Como expressão da soberania estatal, transacionar em matéria tributária não é tarefa fácil em qualquer Estado soberano. No que se refere ao Brasil essa dificuldade é agravada pela discussão da primazia das regras convencionais sobre as normas de direito interno, máxime quando disponham sobre a competência privativa de estados e municípios. A matéria não é pacífica, e uma análise mais apressada pode trazer sérios efeitos para a economia nacional, ao comprometer a eficácia do texto convencional ou limitar sua abrangência.

O presente trabalho pretende examinar a questão da primazia das convenções internacionais em matéria tributária em que a República Federativa do Brasil figura como parte, justificando a necessidade da prevalência do que nelas for disposto como expressão de autolimitações consensuais efetuadas por entes soberanos. A análise do tema tem relevância diante do posicionamento do Brasil em firmar acordos internacionais com diversos países e, principalmente, sob a perspectiva de criação de mercado comum entre Brasil, Argentina, Paraguai e Uruguai.

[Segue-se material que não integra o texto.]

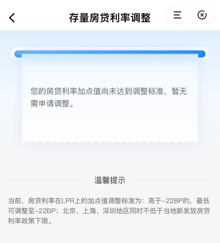 值得注意的是,工商银行针对客户关心的问题进行解答时指出,10月25日银行方面已批量调整了存量房贷利率,大部分房贷利率调整至LPR-30BP,加点值(-30BP)较全国新发放房贷利率加点值(-52BP)高22BP,暂不符合调整条件,当前您无需提出申请。建设银行方面则补充说明,部分固定利率贷款及采用基准利率定价的贷款,如转换为浮动利率贷款后,加点值高于-22BP,可以申请调整;北京、上海、深圳符合条件且成功办理二套转首套的部分贷款,可以申请调整。
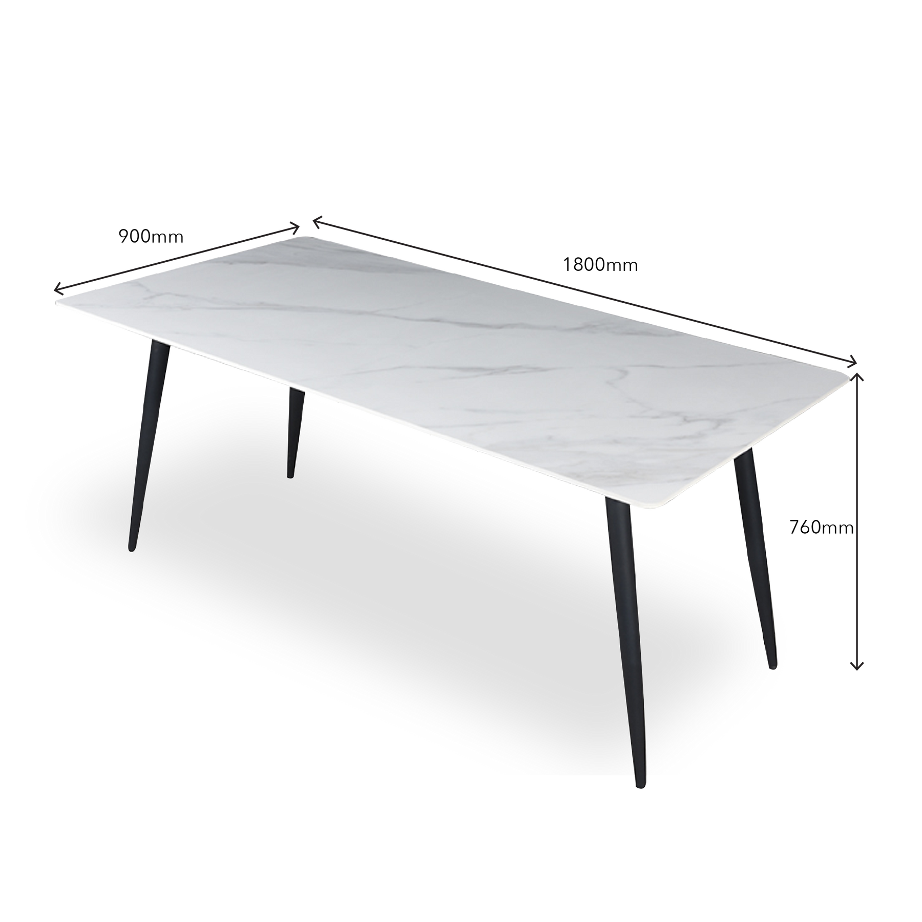- Dining Table: L1800 x D900 x H760mm
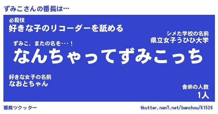 | ヘコむあだ名 | 『ずみっふぃ~』『なまこ酢』 |
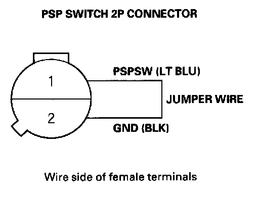 9. At the harness side, connect PSP switch 2P connector terminals No. 1 and No. 2 with a jumper wire.

Até para o sucesso das etapas que precedem a criação de um mercado comum, como as áreas de livre comércio e as zonas aduaneiras, e a prevalência das disposições de convenções internacionais em matéria tributária revelam importância. A análise das correntes que defendem a existência ou não de única ordem jurídica e a análise das disposições sobre o assunto na Constituição Federal e na jurisprudência auxiliam a situar o país diante de suas leis e de sua vontade de incrementar as relações internacionais com outros Estados soberanos.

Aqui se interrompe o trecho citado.